These actions violate domestic law and India’s obligations under international human rights law that prohibit discrimination based on race, ethnicity, or religion, and require the governments to provide residents with equal protection of the law. The Indian government is also obligated to protect religious and other minority populations, and to fully and fairly prosecute those responsible for discrimination and violence against them, Human Rights Watch said.
“The BJP government’s actions have stoked communal hatred, created deep fissures in society, and led to much fear and mistrust of authorities among minority communities,” Ganguly said. “India’s standing as a secular democracy is at serious risk unless the government rolls back discriminatory laws and policies and ensures justice for abuses against minorities.”

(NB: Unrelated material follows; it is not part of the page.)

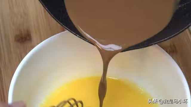 4、雞蛋打散後就把剛才調好放涼的黑糖牛奶加進來,攪拌均勻。

In November 2022, India’s Uttar Pradesh state government passed a law aimed at curbing interfaith relationships. Essentially, BJP politicians promote a baseless theory that Muslim men lure Hindu women into marriages to convert them to Islam and use the phrase “love jihad” to describe this act. The law, Prohibition of Unlawful Religious Conversion Ordinance, requires anyone wishing to convert to seek approval from the district authorities and carries a punishment of up to 10 years in prison for converting another person through coercion, fraud, misrepresentation, or inducement. While this law ostensibly applies to all forced religious conversions, enforcement has largely targeted Muslim men in Hindu-Muslim relationships.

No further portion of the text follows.